RBST, a leading conservation charity that works to safeguard native livestock breeds across the United Kingdom (UK) has recognised the popular attraction for their commitment to the conservation, breeding and promotion of rare and endangered breeds of farm animals, which includes Irish Moiled, Dexter, and Shetland cattle, Pygmy goats, Oxford Sandy and Black pigs, Galway and Jacob sheep, horses and donkeys and a wide variety of heritage poultry and waterfowl.

Now the only farm in the whole of Ireland to be honoured with this accolade, Tannaghmore Gardens and Animal Farm is one of 21 farms that hold this accreditation across the whole of the UK.

“We are absolutely thrilled to receive this very special accreditation,” commented Councillor Declan McAlinden, Chair of Leisure and Community Services Committee.

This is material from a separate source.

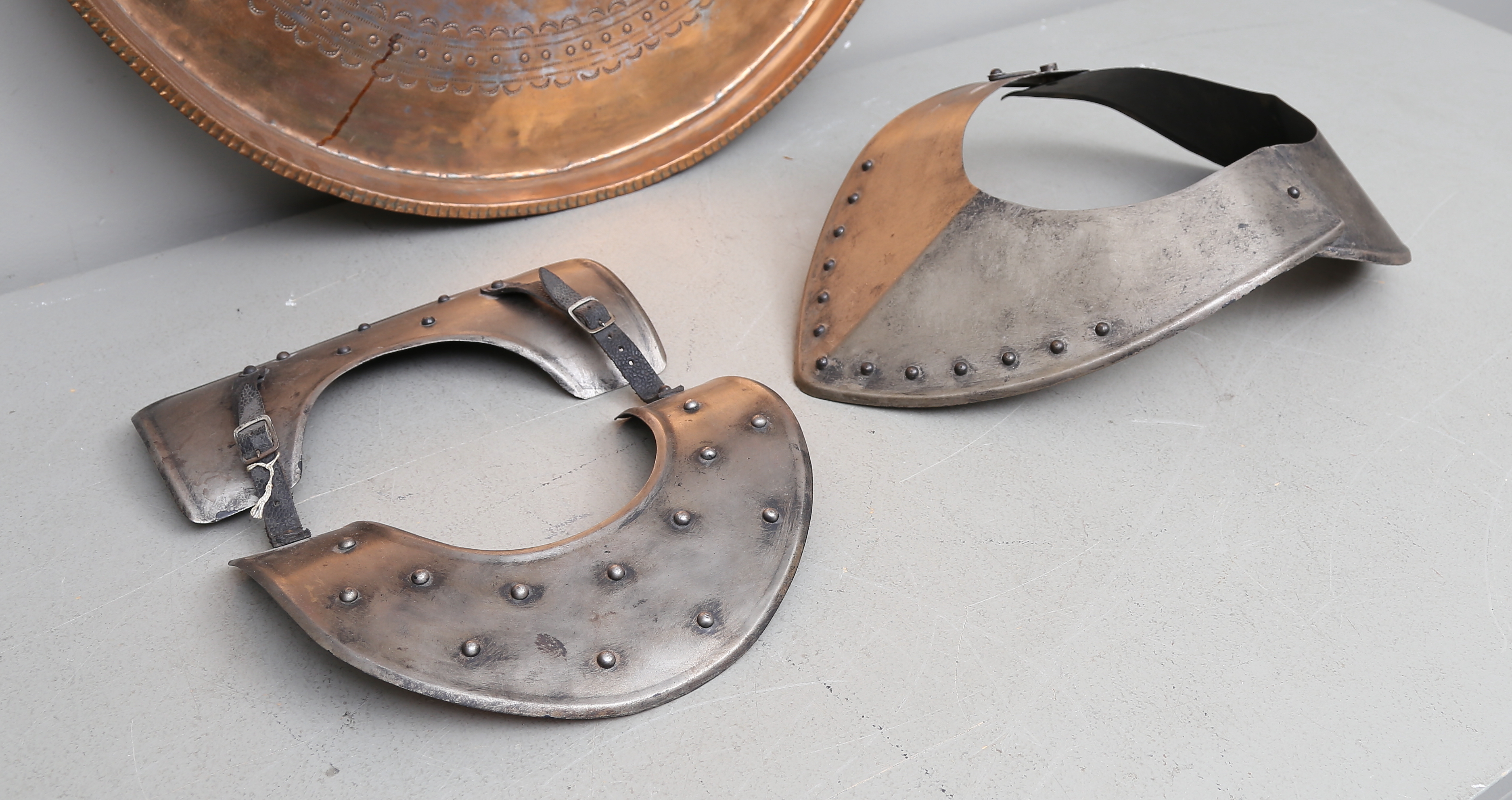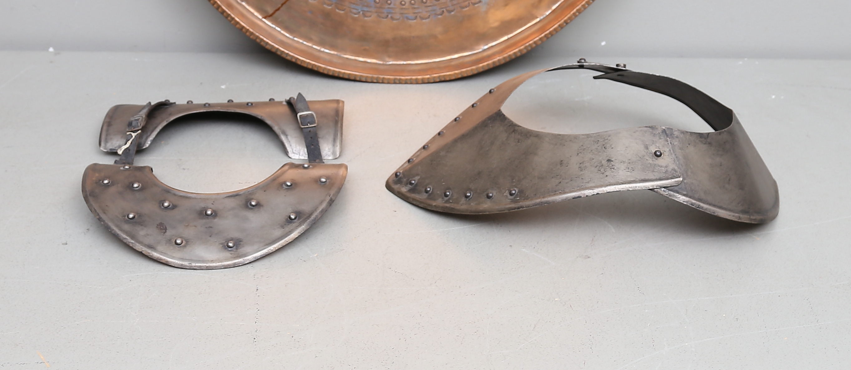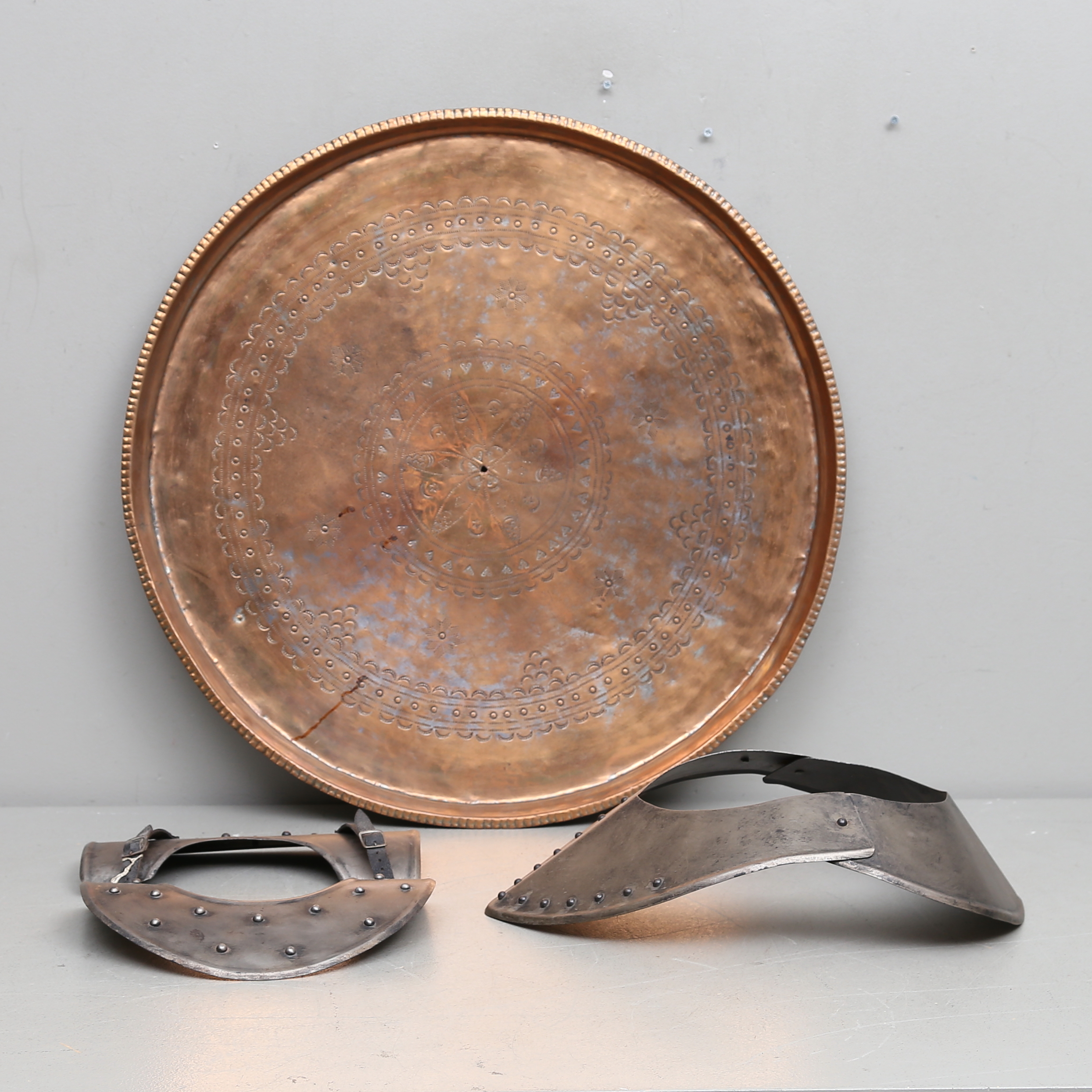 491122. PANSERDELE, 2 stk. og KARREL, kobber.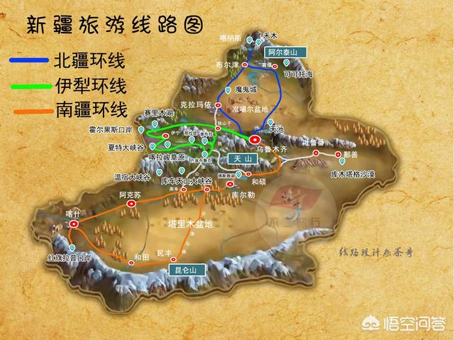 從上圖可以看出,新疆的景點主要集中在山區為主(阿爾泰山、天山山脈),以新疆三山加兩盆的地理特征通常以北疆環線、伊犁環線、南疆環線劃分,這三條線路又可以相互組成不同的線路。

“This honour is a testament to the passion, enthusiasm and dedication of our farm staff who work tirelessly to protect and promote these very unique breeds of farm animals and raise awareness of their importance and significance to our culture and heritage.”

The accreditation was no mean feat, as the four year process involved meeting strict criteria set by RBST, namely having a number of rare breeds across a wide range of species, all of which have to be breed pure and registered with their breed society. What is more, 60% of the Farm’s breeds on display have to be on the charity’s ‘Watch list’, an annual list based on the number of registered breeding females in the UK.